For my first attempt, I decided to use VBA because I already know most of the basic syntax. Before starting, I decided that I would not seek any outside help or lookup any solutions when trying to solve these problems, because I want to work these out on my own. So please don’t give me any tips! (although I do appreciate any advice for any of my other projects).

The first problem is stated as follows:

If we list all the natural numbers below 10 that are multiples of 3 or 5, we get 3, 5, 6 and 9. The sum of these multiples is 23.
Find the sum of all the multiples of 3 or 5 below 1000.

Solution:

[code language=”vb”]
Sub euler1()

Dim x As Long ‘natural number to be tested
Dim y As Long ‘current sum of the multiples of 5 or 3

y = 0
For x = 1 To 999
If x Mod 3 = 0 Or x Mod 5 = 0 Then
y = y + x
End If
Next x

Debug.Print y

End Sub
[/code]

The final output is 233168. As you can see, the problem is quite easy to understand (and this one was very easy to solve as well) for anyone who passed grade school math. You can probably solve it by sitting at your desk and adding every multiple of 3 or 5 below 1000 by hand, but that would be extremely boring and you probably have better things to do. That’s why you write a program to solve the problem. The solution I wrote above is a simple brute force method (I tested every natural number below 1000 to see if it was evenly divided by 3 or 5) that took less than a second for my computer to solve. The key to understanding the solution is the mod operator, which returns the remainder in a division operation (for example 5 mod 3 equals 2). The statement “If x Mod 3 = 0 Or x Mod 5 = 0” tells the computer to execute the subsequent line, or to add x to the cumulative sum if either x mod 3 or x mod 5 equals 0, in other words, if the remainder after dividing x by 3 or 5 is 0.

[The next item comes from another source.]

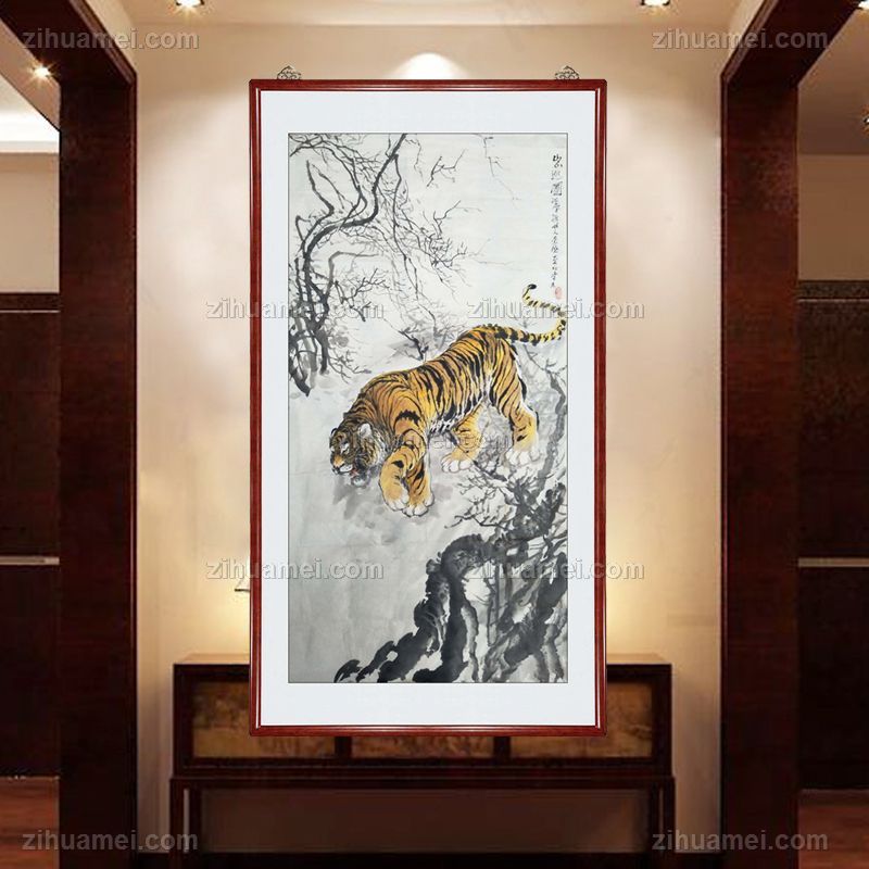 • 出巡图 猛虎下山 书画家胡景德先生手绘水墨国画 花梨木实木框 升值收藏作品力荐

So far I’ve solved 17 of the problems, mostly through brute force although I was able to solve one of them by hand. However, as the problems get progressively harder and more computationally intensive, brute force methods become less feasible and more creative thought is required. For example, problem 12 took my computer at least an hour to solve (I’m not sure how long it actually took because I left it on after I went to sleep). This means my solution wasn’t efficient, and that I ought to give it another shot (reduce the amount of iterative code, perhaps).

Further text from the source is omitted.